Write out again, exactly as they appear, the lines from the start of the data below through the line with "The normal of"; no pictures.
··· Input data ···
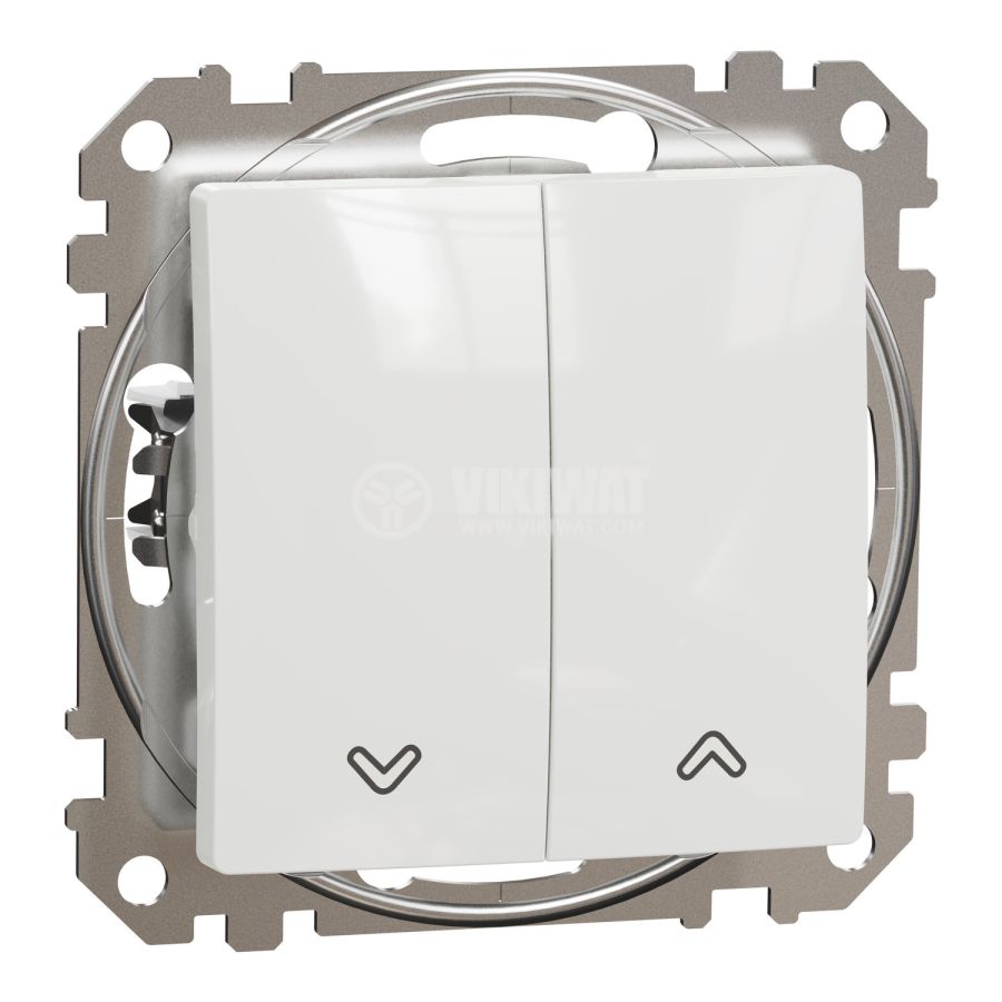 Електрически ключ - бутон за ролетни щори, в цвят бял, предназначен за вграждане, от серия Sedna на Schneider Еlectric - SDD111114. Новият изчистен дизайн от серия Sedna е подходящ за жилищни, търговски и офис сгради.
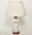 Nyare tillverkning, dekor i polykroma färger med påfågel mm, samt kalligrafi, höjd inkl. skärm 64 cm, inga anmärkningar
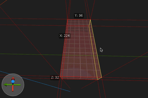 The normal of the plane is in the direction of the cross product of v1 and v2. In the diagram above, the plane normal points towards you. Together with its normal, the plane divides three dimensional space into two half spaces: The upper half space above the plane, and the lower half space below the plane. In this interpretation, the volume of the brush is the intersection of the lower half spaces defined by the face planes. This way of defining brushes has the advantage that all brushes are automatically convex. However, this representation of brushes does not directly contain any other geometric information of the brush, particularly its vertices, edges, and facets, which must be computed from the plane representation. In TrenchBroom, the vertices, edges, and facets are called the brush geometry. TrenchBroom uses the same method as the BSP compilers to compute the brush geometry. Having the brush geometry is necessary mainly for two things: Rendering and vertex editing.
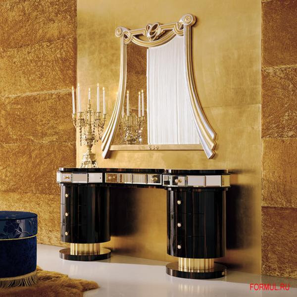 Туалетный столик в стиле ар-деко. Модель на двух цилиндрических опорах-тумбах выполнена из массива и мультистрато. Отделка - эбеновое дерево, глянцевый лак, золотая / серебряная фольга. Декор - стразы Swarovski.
···
§ **Response to this exercise**:
 Електрически ключ - бутон за ролетни щори, в цвят бял, предназначен за вграждане, от серия Sedna на Schneider Еlectric - SDD111114. Новият изчистен дизайн от серия Sedna е подходящ за жилищни, търговски и офис сгради.
 Nyare tillverkning, dekor i polykroma färger med påfågel mm, samt kalligrafi, höjd inkl. skärm 64 cm, inga anmärkningar
 The normal of the plane is in the direction of the cross product of v1 and v2. In the diagram above, the plane normal points towards you. Together with its normal, the plane divides three dimensional space into two half spaces: The upper half space above the plane, and the lower half space below the plane. In this interpretation, the volume of the brush is the intersection of the lower half spaces defined by the face planes. This way of defining brushes has the advantage that all brushes are automatically convex. However, this representation of brushes does not directly contain any other geometric information of the brush, particularly its vertices, edges, and facets, which must be computed from the plane representation. In TrenchBroom, the vertices, edges, and facets are called the brush geometry. TrenchBroom uses the same method as the BSP compilers to compute the brush geometry. Having the brush geometry is necessary mainly for two things: Rendering and vertex editing.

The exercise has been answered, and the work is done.